[Information shown]:
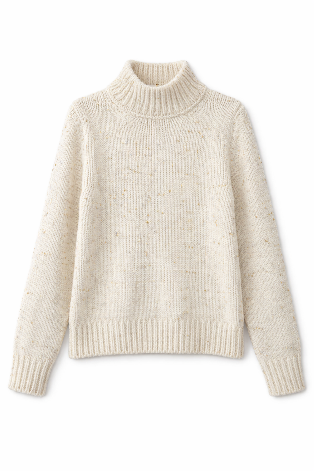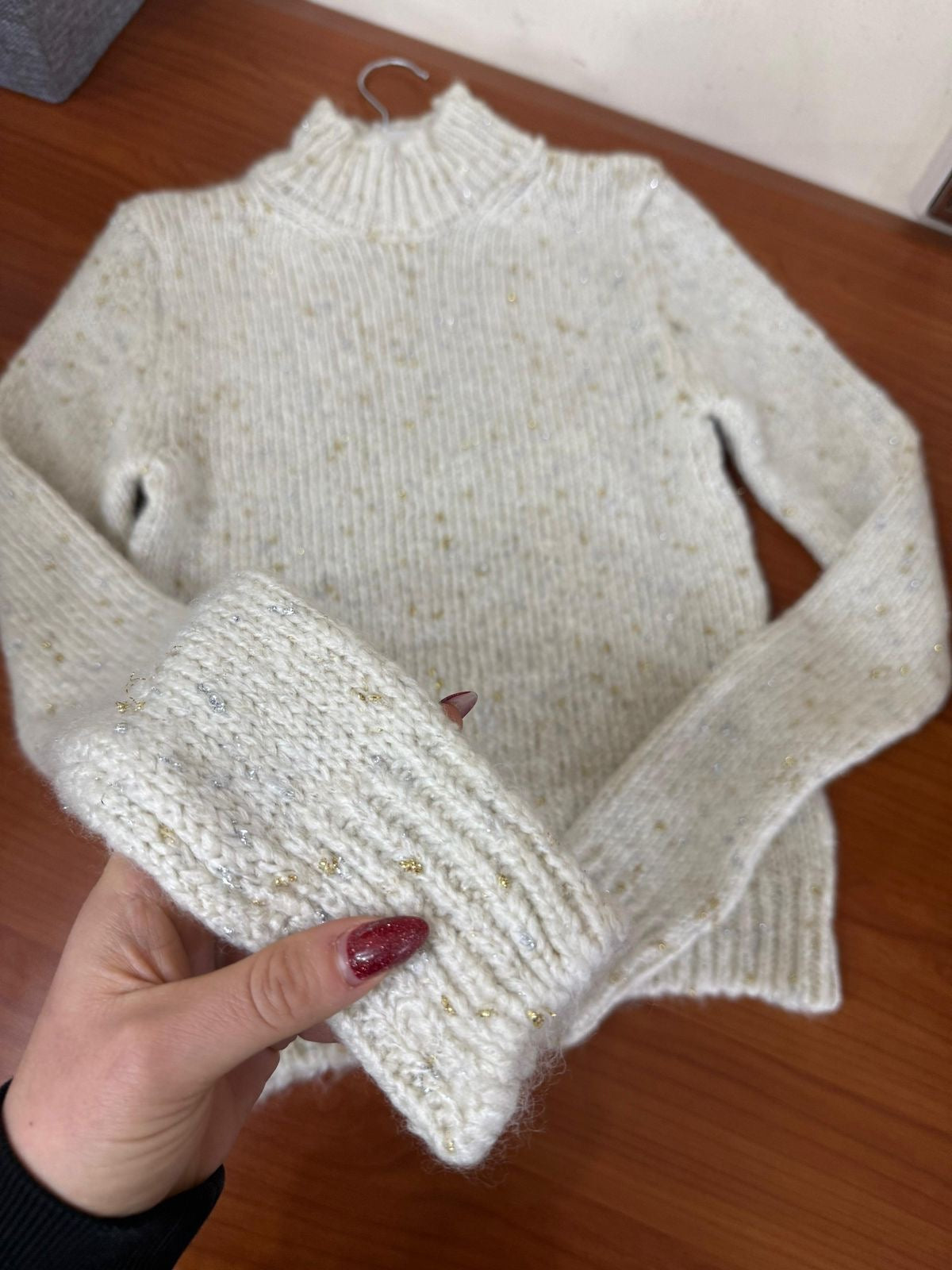 Pulover e leshte me jake golfi ne ngjyre bezhe e hapur me cerka gold dhe silver te lehta.
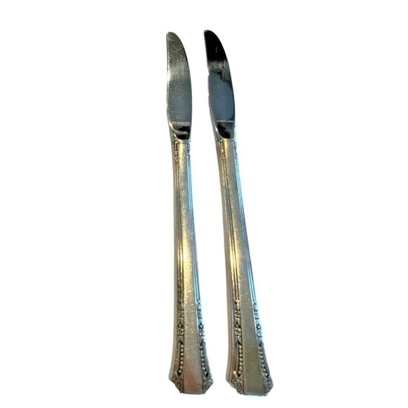 1881 Rogers Del Mar Vintage Stainless Steel Silverplate Oneida Silver Grille Knives 2 Pcs 2409
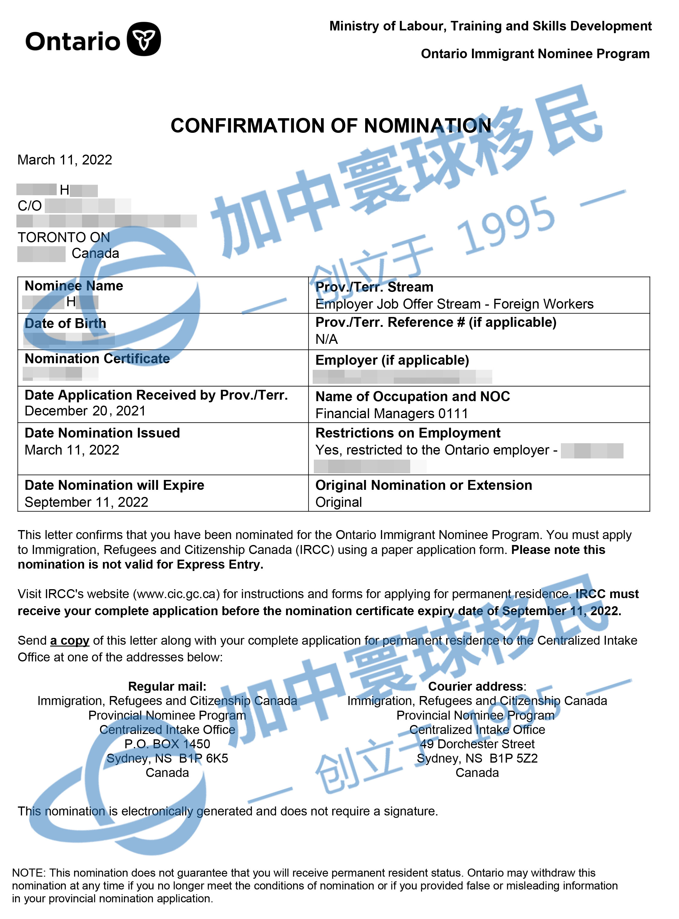 2022-3-11, 收到省提名證書和工簽支持信

[What is being asked]: Set the listing down again exactly, skipping each picture.

[Solution to this problem]:
 Pulover e leshte me jake golfi ne ngjyre bezhe e hapur me cerka gold dhe silver te lehta.
 1881 Rogers Del Mar Vintage Stainless Steel Silverplate Oneida Silver Grille Knives 2 Pcs 2409
 2022-3-11, 收到省提名證書和工簽支持信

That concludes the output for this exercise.